EU rules mean migrants must apply for asylum in the European country where they first arrive, putting pressure on Italy and Greece, the entry points for hundreds of thousands of people fleeing war and poverty in the Middle East, Africa and Asia since 2015.

"If anyone thinks I won't move a muscle while we have another summer of landings, landings and more landings, well, that's not what I'm going to do," Salvini told reporters.

In the meantime, some in Italy have offered to take in the migrants, with the mayor of Taranto, Rinaldo Melucci, saying that the southern port city was "ready to embrace every life in danger".

"Our land has always been one of refuge, I don't know how you can send away 629 human lives," he added.

Mayor of Naples Luigi de Magistris said on Twitter that "if a minister without a heart leaves pregnant women, children, old people, human beings to die, the port of Naples is ready to welcome them".

READ ALSO: Inside the slum that houses southern Italy's migrant workforce


Photo: Gianluca Chininea/AFP

Two-year deadlock

Italian authorities held the migrant rescue boat Sea-Watch 3 for 12 hours after it brought 232 people to Reggio Calabria, on the south-western tip of the mainland, at the weekend.

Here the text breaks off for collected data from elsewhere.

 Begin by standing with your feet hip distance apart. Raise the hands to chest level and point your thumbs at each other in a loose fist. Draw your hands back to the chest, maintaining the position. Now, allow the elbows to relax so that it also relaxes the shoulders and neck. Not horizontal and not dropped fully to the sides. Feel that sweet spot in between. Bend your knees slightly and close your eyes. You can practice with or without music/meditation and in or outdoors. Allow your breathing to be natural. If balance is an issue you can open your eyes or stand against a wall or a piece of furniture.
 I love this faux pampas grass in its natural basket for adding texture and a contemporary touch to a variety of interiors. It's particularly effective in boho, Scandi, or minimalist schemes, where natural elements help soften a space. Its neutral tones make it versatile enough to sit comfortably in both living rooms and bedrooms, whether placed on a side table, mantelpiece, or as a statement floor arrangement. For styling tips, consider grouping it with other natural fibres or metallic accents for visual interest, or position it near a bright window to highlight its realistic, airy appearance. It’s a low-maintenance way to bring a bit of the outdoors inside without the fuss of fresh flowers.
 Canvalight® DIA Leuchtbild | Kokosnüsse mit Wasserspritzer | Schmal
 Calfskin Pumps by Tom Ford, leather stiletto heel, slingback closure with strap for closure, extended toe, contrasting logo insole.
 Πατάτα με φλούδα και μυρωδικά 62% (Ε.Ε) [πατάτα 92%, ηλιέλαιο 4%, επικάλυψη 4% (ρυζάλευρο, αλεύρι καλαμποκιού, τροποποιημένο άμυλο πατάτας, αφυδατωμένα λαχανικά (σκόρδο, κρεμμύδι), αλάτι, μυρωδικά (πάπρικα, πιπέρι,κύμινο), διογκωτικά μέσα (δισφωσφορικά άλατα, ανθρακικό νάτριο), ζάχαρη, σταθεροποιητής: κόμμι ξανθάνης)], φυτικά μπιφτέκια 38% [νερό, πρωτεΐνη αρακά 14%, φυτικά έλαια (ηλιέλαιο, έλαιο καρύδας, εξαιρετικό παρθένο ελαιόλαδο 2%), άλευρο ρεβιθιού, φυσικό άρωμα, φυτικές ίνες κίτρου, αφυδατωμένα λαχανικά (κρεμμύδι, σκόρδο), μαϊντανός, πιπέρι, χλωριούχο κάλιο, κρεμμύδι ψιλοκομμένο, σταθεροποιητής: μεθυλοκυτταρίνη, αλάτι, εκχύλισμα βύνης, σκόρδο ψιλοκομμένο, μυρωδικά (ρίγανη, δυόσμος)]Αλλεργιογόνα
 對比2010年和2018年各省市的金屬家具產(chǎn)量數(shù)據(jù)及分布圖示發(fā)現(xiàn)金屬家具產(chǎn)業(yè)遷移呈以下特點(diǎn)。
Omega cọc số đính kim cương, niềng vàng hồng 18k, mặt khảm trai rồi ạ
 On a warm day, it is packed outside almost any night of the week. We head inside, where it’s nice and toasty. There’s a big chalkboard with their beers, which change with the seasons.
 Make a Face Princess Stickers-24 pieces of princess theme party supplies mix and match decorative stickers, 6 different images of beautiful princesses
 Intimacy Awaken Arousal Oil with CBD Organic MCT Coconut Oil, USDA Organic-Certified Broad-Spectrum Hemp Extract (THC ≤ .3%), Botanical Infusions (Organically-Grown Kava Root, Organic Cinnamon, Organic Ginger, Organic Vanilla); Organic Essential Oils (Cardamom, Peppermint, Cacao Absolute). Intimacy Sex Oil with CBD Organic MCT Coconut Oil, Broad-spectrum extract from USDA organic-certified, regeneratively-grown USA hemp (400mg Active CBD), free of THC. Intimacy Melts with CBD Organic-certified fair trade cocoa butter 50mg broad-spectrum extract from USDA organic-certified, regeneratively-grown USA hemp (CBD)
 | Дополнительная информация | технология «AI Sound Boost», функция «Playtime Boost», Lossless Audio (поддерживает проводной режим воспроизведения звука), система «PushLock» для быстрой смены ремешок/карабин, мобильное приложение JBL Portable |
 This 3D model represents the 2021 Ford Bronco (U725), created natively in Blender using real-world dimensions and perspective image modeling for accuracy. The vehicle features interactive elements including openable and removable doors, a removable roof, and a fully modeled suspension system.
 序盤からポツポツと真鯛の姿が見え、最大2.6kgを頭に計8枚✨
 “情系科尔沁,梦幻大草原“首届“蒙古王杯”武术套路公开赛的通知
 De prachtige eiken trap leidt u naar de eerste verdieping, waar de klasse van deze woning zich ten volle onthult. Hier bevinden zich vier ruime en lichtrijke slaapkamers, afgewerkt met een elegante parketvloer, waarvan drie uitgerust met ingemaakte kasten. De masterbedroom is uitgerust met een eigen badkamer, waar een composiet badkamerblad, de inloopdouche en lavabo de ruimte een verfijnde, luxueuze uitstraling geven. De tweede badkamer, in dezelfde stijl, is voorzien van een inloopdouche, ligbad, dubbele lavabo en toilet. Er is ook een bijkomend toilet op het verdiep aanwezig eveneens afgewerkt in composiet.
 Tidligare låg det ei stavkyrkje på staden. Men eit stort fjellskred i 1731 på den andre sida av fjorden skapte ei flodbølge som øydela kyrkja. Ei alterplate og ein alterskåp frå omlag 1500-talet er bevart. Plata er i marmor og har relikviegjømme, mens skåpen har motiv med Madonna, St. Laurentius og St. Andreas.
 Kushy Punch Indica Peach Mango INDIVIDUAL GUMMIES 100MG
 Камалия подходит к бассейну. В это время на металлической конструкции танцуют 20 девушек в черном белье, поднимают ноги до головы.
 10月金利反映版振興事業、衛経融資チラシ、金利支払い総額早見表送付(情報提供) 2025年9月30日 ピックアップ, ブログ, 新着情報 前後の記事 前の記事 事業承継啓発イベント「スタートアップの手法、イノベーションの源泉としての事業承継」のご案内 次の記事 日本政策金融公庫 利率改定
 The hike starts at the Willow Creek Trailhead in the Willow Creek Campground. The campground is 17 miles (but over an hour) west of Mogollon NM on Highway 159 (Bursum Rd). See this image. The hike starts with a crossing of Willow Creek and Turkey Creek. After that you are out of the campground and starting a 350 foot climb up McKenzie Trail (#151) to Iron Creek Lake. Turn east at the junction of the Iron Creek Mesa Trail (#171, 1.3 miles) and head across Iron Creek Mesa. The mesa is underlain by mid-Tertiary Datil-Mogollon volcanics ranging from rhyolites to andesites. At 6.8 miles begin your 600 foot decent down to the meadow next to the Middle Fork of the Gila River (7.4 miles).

Police questioned the boat's captain for more than four hours, according to Sea-Watch, the NGO that operates the vessel, and journalists aboard were asked to hand over video footage of the June 5th rescue operation.

Sea-Watch said it requested help from the coastguard in Malta to send boats to aid the rescue mission but Malta refused.

German Chancellor Angela Merkel on Sunday called for an EU-wide border protection force, as well as a joint asylum authority and collective standards for granting or refusing applications for protection.

EU leaders in December had set an end-of-June deadline for an overhaul of rules to create a permanent mechanism to deal with migrants in the event of a new emergency.

The summer of 2016 saw a surge in mass drownings in the Mediterranean as Europe's worst migration crisis since World War II peaked with hundreds of thousands of people fleeing war and poverty in the Middle East and elsewhere.